DESCRIPTION OF THE TASK:
Could you copy exactly the lines below from the one with "Neutrogena deep clean" to the one with "Köksvagn i massivt", inclusive, leaving out any pictures?

DATA SUPPLIED:
________________________________________

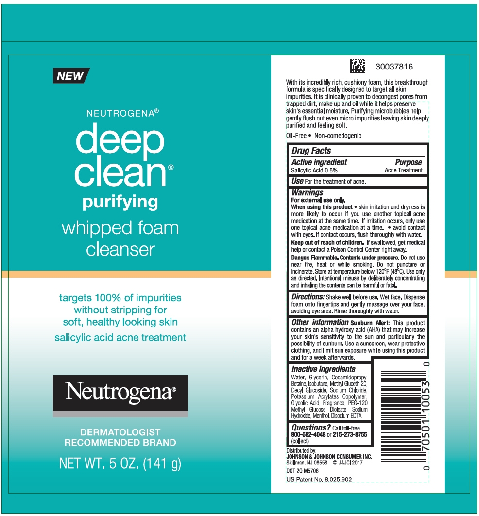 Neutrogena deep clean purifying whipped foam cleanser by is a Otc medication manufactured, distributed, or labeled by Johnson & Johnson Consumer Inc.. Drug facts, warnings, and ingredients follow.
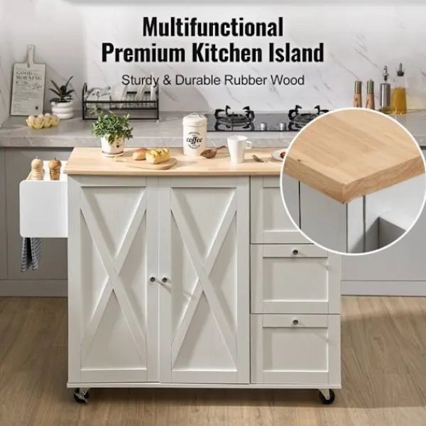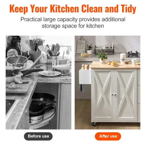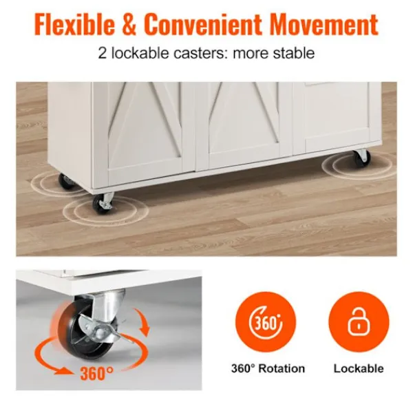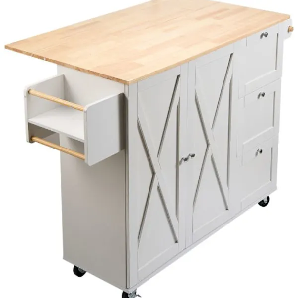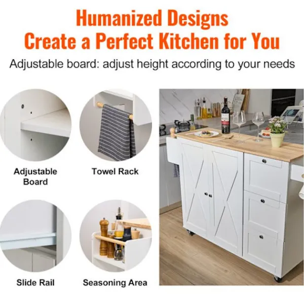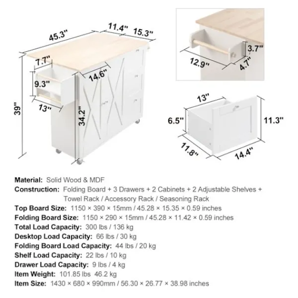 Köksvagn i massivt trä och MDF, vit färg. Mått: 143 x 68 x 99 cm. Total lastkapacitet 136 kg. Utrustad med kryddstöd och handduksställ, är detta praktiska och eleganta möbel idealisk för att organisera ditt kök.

________________________________________

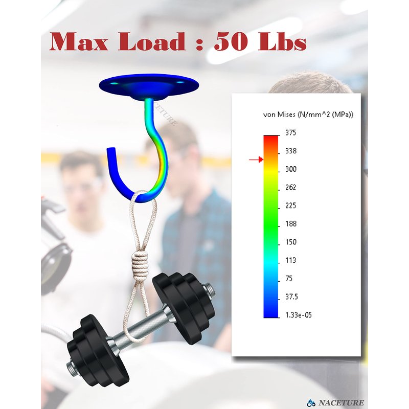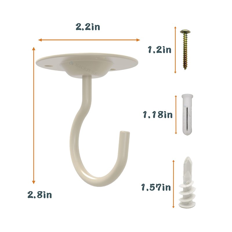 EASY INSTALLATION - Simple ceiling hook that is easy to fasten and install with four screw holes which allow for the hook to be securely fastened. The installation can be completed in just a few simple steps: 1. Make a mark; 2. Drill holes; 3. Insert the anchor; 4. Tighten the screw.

________________________________________

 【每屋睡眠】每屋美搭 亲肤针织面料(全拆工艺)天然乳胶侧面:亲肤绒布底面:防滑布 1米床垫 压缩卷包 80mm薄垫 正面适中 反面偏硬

________________________________________

RESPONSE:
 Neutrogena deep clean purifying whipped foam cleanser by is a Otc medication manufactured, distributed, or labeled by Johnson & Johnson Consumer Inc.. Drug facts, warnings, and ingredients follow.
 Köksvagn i massivt trä och MDF, vit färg. Mått: 143 x 68 x 99 cm. Total lastkapacitet 136 kg. Utrustad med kryddstöd och handduksställ, är detta praktiska och eleganta möbel idealisk för att organisera ditt kök.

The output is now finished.